In this section, the memory size and block size of data cache memory of a Nios V/g processor will be discovered. A simple program traversing a vector of bytes (V) is used to achieve this goal.

The steps to follow in this hands-on activity are described in the following paragraphs.

- Take the files for the source code of the benchmark used in Parts I, II and III. Reduce the number of iterations (ITERATIONS) of the main program from 1000000 to 50000 (file: lab2\_part1\_2\_3\_main.s).
- Modify as shown below the source code of Fibonacci subroutine (lab2\_part1\_2\_3\_fibo.s). This modification simply traverses a V vector of bytes. The lw and sw instructions to manage the stack should be also modified.

```
Modification of lab2_part1_2_3_fibo.s file for Part IV

...
add s4, zero, zero /* s4 is a counter */
la s5, X /* s5 points to X: 1024, 2048, 4096, 8192, 16384, 32768, 65536 */
la s6, V /* s6 points to V vector */
LOOP:
bge s4, s5, STOP /* loop ends when s5 >= s4 */
add s7, s6, s4 /* next memory address is obtained */
lb zero, O(s7) /* V vector is accessed but data is not saved in register */
addi s4, s4, P /* P, data stride, increments V pointer by: 1,2,4,...,64 */
j LOOP
...
.data
V:
.skip 65536
...
```

Note that in the code above there are two parameters that need values to be assigned: X and P. X represents the number of elements of the V vector that are accessed with P data stride. P represents the number of elements of the V vector that are in memory between two successive memory accesses using the P instruction.

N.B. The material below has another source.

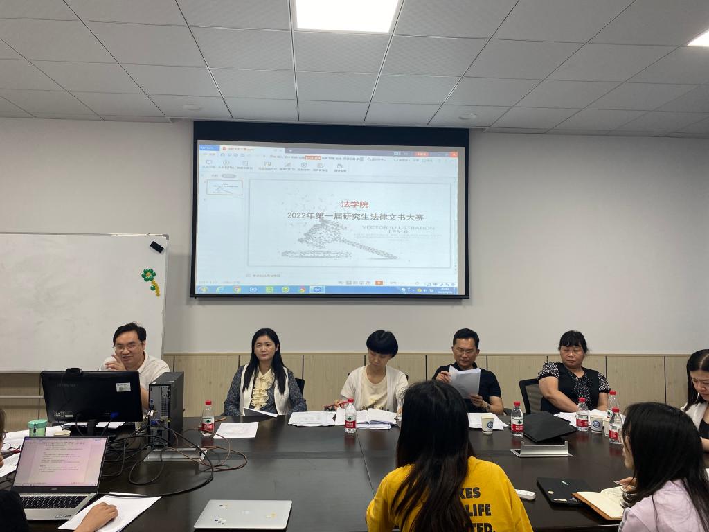 2022年4月26日晚,伟德betvlctor1946源于英国第一届研究生法律文书大赛颁奖仪式在金盆岭校区7-308举行,本次赛事由法学院承办。全国优秀公诉人、湖南省人民检察院肖智伶检察官,云天律师事务所执行主任、高级合伙人钟立松律师以及湖南天地人律师事务所合伙人邓春歌律师,法学院张敏纯院长、徐莉副院长、易顶强教授、刘文莉副教授、杜卫红副教授出席了颁奖仪式。

A new parameter called E is defined. It represents the number of elements of the  $\mathbb V$  vector actually accessed with the 1b instruction. The following equation is valid,  $X = P \times E$ . This equation calculates the number of vector elements that are copied to data cache memory.

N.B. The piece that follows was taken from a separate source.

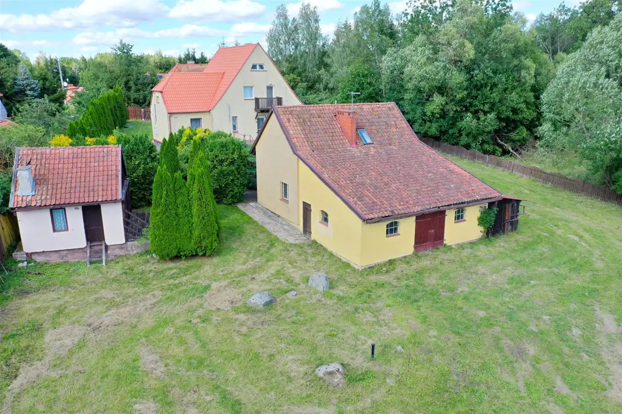 Nieruchomość zlokalizowana jest na działce o powierzchni 8153 m2. Działka zabudowana jest trzema budynkami mieszkalnymi o powierzchniach użytkowych 140 m2, 97 m2, 18 m2.

Table 2: Runtime measurements for discovering the microarchitecture of data cache. E is the number of memory accesses. P is data stride.

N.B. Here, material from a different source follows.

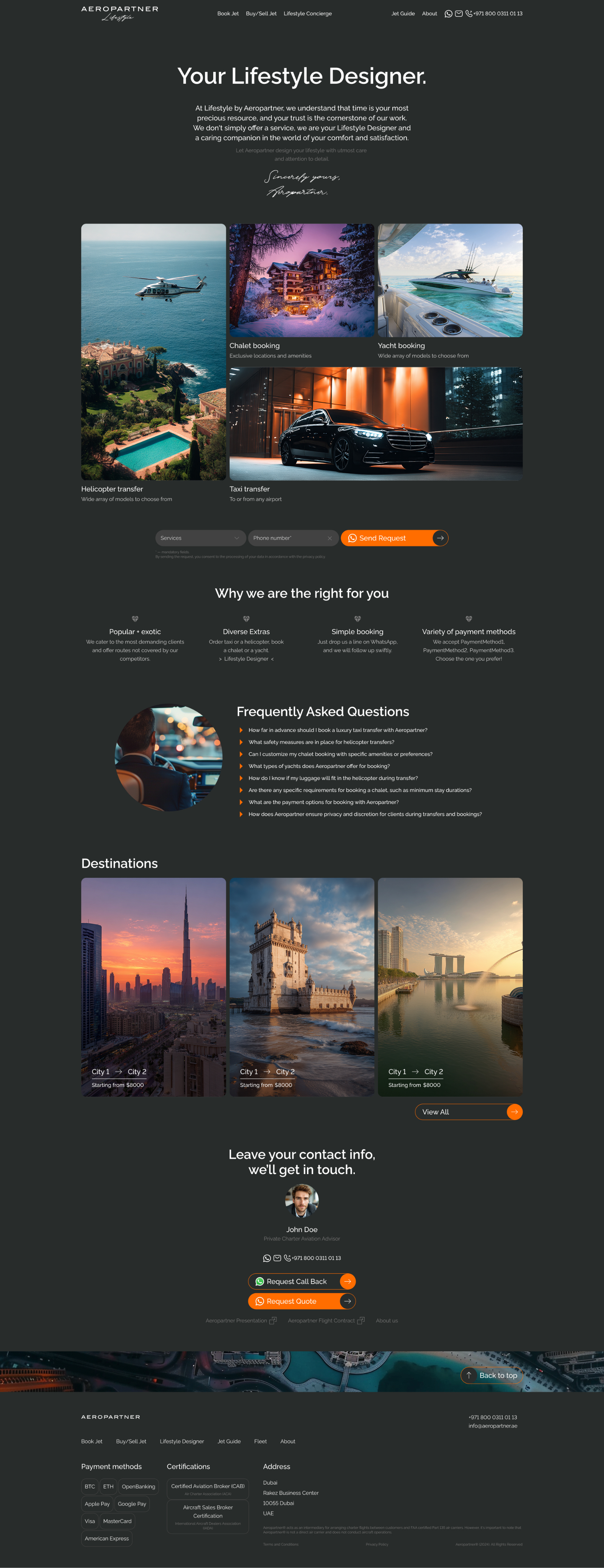 Aeropartner is a Dubai-based private jet charter platform. I was invited to upgrade the UX of their three different business directions: jet charter, jet sales, luxury add-ons. Through extensive research, prototyping, and cross-functional collaboration, I designed optimal flows and information architecture to give Aeropartner competitive advantage in the luxury travel niche.

|      | E=1024 | E=2048 | E = 4096 | E = 8192 | E=16384 |
|------|--------|--------|----------|----------|---------|
| P=1  |        |        |          |          |         |
| P=2  |        |        |          |          |         |
| P=4  |        |        |          |          |         |
| P=8  |        |        |          |          |         |
| P=16 |        |        |          |          |         |
| P=32 |        |        |          |          |         |
| P=64 |        |        |          |          |         |

• Now, Table 2 will be filled in with values of execution times obtained in the same way as in the previous activities, measuring the execution times of the benchmark program. The configuration file for the FPGA is named: DEO\_Nano\_Basic\_Computer\_23jul24.sof, which integrates a Nios V/g soft processor and a SDRAM memory controller. A Makefile file has been prepared to automatize this process.

```
# USB connection to DEO-Nano board is tested
$ jtagconfig.exe
# compile and link: lab2_part1_2_3_main.elf is generated
$ make
# configure the FPGA
$ make configure
# save the *.elf program in main memory
$ make download
# shows results on screen
$ juart_terminal.exe
```

The execution times are mostly due to the 1b instruction that accesses to part of the elements of the V vector with P data stride. For each measure, the program should be executed after modifying the value

for X and the value for P assuring that  $X = P \times E$ . The value for X is introduced in the instruction: la s5, X; X=1024, 2048, 4096, 8192, 16384, 32768, 65536. The value for P is introduced in the instruction: addi s4, s4, P; P= 1,2,4,8,16,32,64.

## Question 6. Using the values in Table 2, discover the memory size and block size of Nios V/g's data cache.

Note that when X is doubled, i.e., E is doubled for the same P, the execution time usually is doubled. However, for each P, there is one transition from X to  $2\times X$  that this is not true. This case determines the cache size.

Additionally, for the same column of Table 2, the execution time increases as P increases. However, after a given value for P, the execution time remains constant when the data cache is overflowed. This case determines the block size.